The choice is a fact of life for anyone who was paying attention on the eleventh of September. Every day since then the light has been brighter and the friendships have been clearer. People who are awake know there is a job to be done. A world worth fighting for. The recent blackout was a peculiar blessing for many people. Toronto's "alternative" newspaper mocked the men in suits who took to the streets to direct traffic as attention-seeking would-be heroes. In that moment my contempt for the idiotarians turned into pity. Could it be they are so terrified of their own cowardice they have refused the simple possibility they too could be heroes?
What a cramped, small life it must be. I am not a betting man but if I was I would wager a month's salary many of you reading this will know the exact feeling in what I am about to say. Every time I have boarded an airplane since that day... God help me... I have almost wished there were some hijackers on board so I would have the chance to help take some of those bastards down with me. That would be worth it all. What a day that would be.

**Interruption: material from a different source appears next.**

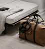 Cotton & nylon canvas / 40.000 Martindale Full-grain bridle leather trim Solid brass accessories

Do not ever let them tell you the adventures and the heroic stories are a nonsense or a waste of time. People who fail to be moved by stories of heroism are people who are not paying attention. There is only one starship captain who gives James T. Kirk a run for his money. I think of Captain John J. Sheridan facing down an orbital defense platform threatening the eastern seaboard of North America. He can try to save those countless millions but only by the sacrifice of his ship and crew.
"Ramming speed," he says.
Posted by Ghost of a flea at September 12, 2003 10:42 AM
Comments
Excellend post. I'm a voracious reader of SF and Tom Clancy, and you hit the nail on the head. I'm linking to this from Pinwheels.